02:27 airlied: virgl_cmd_submit_3d
02:28 airlied: though I haven't seen the venus code for qemu
02:32 DUOLabs[m]: I looked there already, but when I traced virgl_renderer_submit_cmd, no ctx passed in every went to venus, but straight to vrend proper, which is why I'm little confused.
02:34 HdkR: It's becoming even more opaque with the whole drm passthrough thing :D
02:35 DUOLabs[m]: s/every/ever/, s/venus/Venus/
02:41 airlied: DRM_IOCTL_VIRTGPU_EXECBUFFER seems to be that path that gets called
02:42 airlied: and that calls VIRTIO_GPU_CMD_SUBMIT_3D
02:44 airlied: and one the qemu side taht seems to go into virgl_cmd_submit_3d
02:45 airlied: but yeah I can't see how that hooks up in virglrenderer
02:49 airlied: DUOLabs[m]: I think the proxy layer steps in somewhere on the renderer side
02:50 airlied: proxy_context_submit_cmd
02:54 DUOLabs[m]: No, that can't be it --- only `vrend_decode_ctx_submit_cmd` is ever called.
03:15 airlied: DUOLabs[m]: do you have a venus supporting qemu?
03:16 DUOLabs[m]: Yes, that's what I'm working on.
03:16 airlied: if VIRGL_RENDERER_CAPSET_VENUS is passed then the proxy should be plugged in
03:17 airlied: when virgl_renderer_context_create_with_flags is called
03:21 DUOLabs[m]: Interesting, virgl_renderer_context_create hardcodes VIRGL2 as the only flag passed to virgl_renderer_context_create_with_flags
03:22 DUOLabs[m]: s/VIRGL2/VIRGL_RENDERER_CAPSET_VIRGL2/
03:23 DUOLabs[m]: However, if I do VIRGL_RENDERER_CAPSET_VIRGL2 | VIRGL_RENDERER_CAPSET_VENUS, everything breaks
03:26 DUOLabs[m]: When I trace virgl_renderer_context_create_with_flags, the capset_id passed in is never equal to VIRGL_RENDERER_CAPSET_VENUS.
03:33 airlied: okay then that seems to be where things go off the rails
07:29 narmstrong: mripard: mlankhorst: tzimmermann: I accidentaly pushed a non-reviewed bindings patch to drm-misc-next, I push a revert https://lore.kernel.org/all/20230526-revert-bad-binding-v1-1-67329ad1bd80@linaro.org/
07:31 tzimmermann: narmstrong, thank you for taking care and informing us
07:34 narmstrong: tzimmermann: sure, waiting for some feedback on the revert and I'll push it on drm-misc-next
07:52 MrCooper: q66: some ARM SOCs have not-fully-compliant PCIe, which means they can't work correctly with amdgpu
08:34 jfalempe: tzimmermann, For mgag200, I can use the GEM DMA helper for mgag200, but it works only on lower resolution, because it can't allocate more than 4MB for the framebuffer. I'm wondering how other drivers are using it, are they also hitting this limitation ?
08:35 tzimmermann: jfalempe, i've seen your response. i'm thinking how to move forward
08:36 tzimmermann: the other drivers with dma helpers are on SoCs. they set aside CMA areas and it apparently works. i'm a bit surprised that x86 is somewhat fragile about this
08:37 jfalempe: I think on x86, most hardware have scatter-gather DMA and can allocate smaller chunks.
08:42 _jannau_: there should be drivers using GEM DMA helpers on SoC behind an IOMMU. those do not need CMA but can still allocate large framebuffers
08:43 tzimmermann: jfalempe, i don't like that the dma code is "hacked into" the damage handling (for the lack of a better description)
08:46 jfalempe: tzimmermann, you mean I should move more code to the mgag200_dma.c, or that it shouldn't be called from the handle_damage() function ?

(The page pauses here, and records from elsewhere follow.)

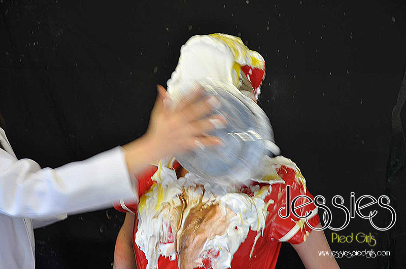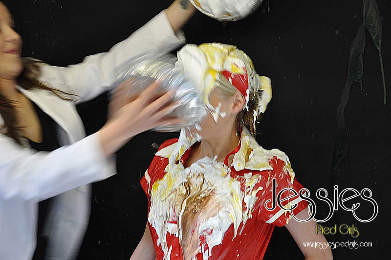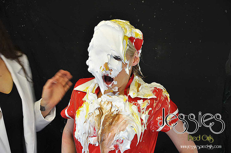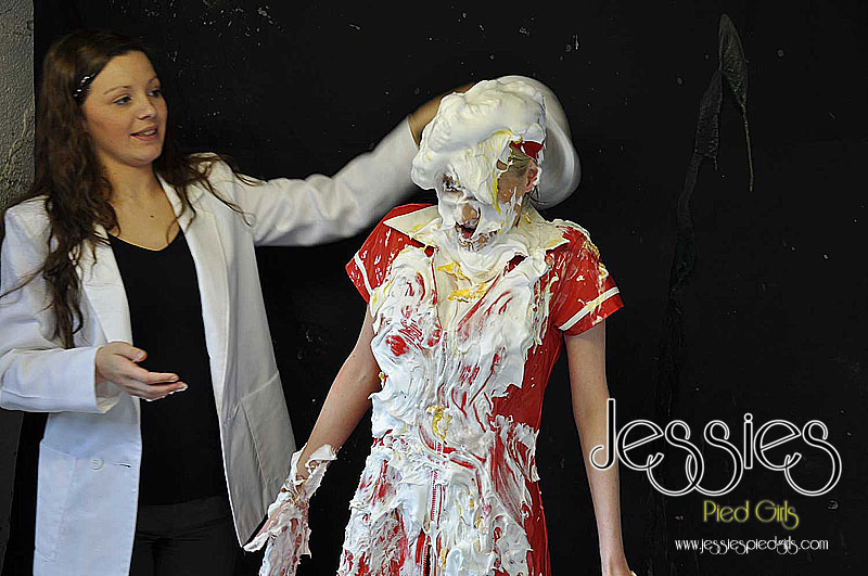 Naughty Nurse Jessie, was late for work and hasn't done her duites, so Dr Nadia punishes her with pies! Lots of nicely filled pies all over Jessies face, hair and pvc uniform!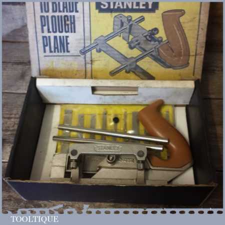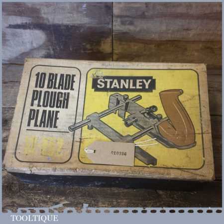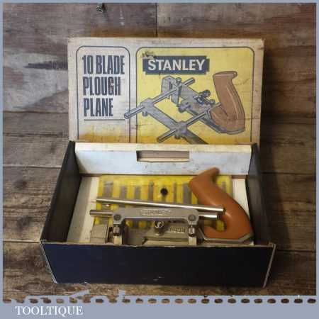 Vintage Boxed Stanley N0: 13-052 combination plough plane with 10 cutters, fully refurbished and ready for use. The plane is in good condition and all components move smoothly. Note: We do not sharpen the irons.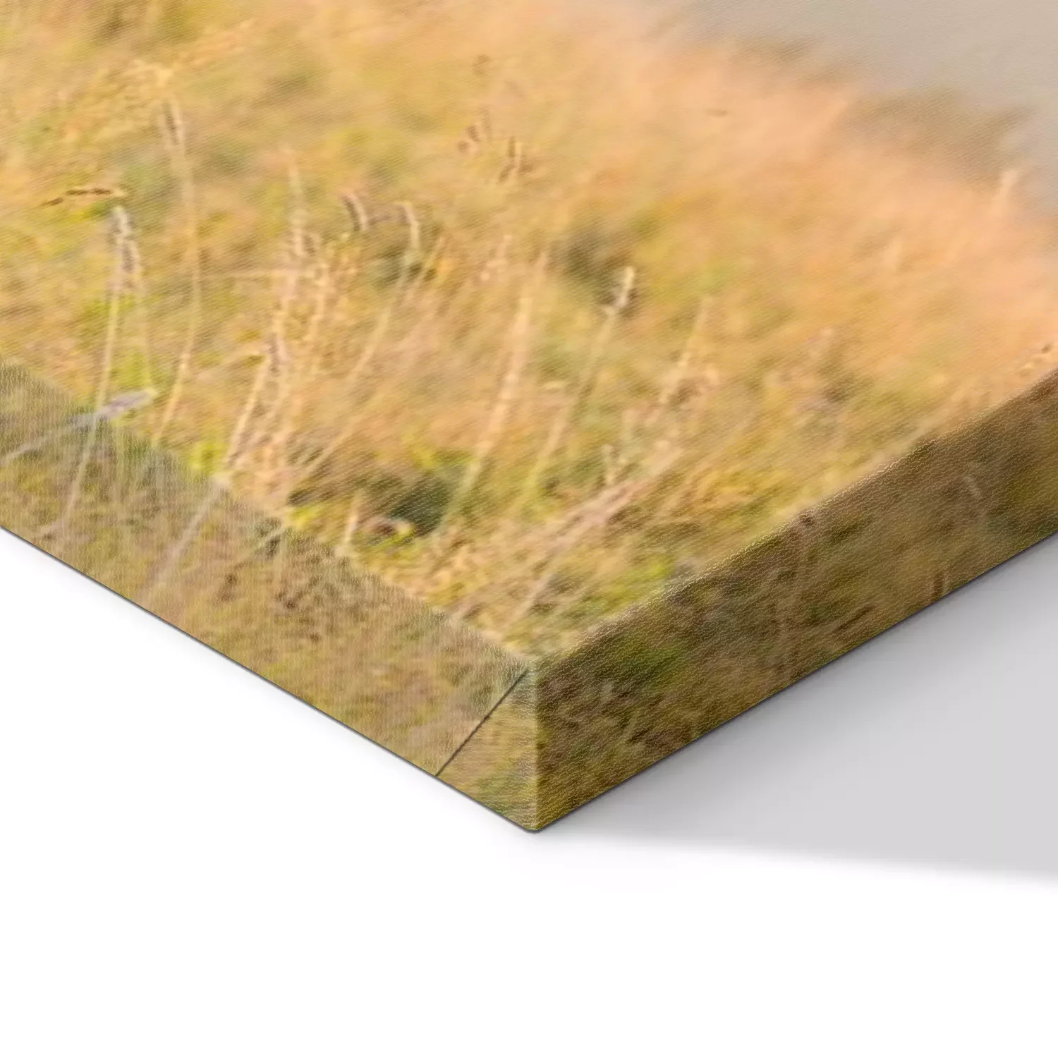 De print wordt aangebracht op hoogwaardig canvas dat op een schildersweefgetouw (spieraam) wordt gespannen. Omdat de print de zijranden bedekt, hoeft het ontwerp niet met een extra kader te worden omlijst. Wij raden ook composities aan die uit meerdere foto's bestaan en zo een coherente compositie vormen.

08:47 jfalempe: damage is where we copy the pixels to the VRAM, so I don't see how I can do that differently.
08:48 tzimmermann: jfalempe, there is mgag200_handle_damage: https://elixir.bootlin.com/linux/latest/source/drivers/gpu/drm/mgag200/mgag200_mode.c#L432 maybe it should be moved to _dma.c and encapsulate the whole dma-based damage handling
08:48 tzimmermann: all models should use it.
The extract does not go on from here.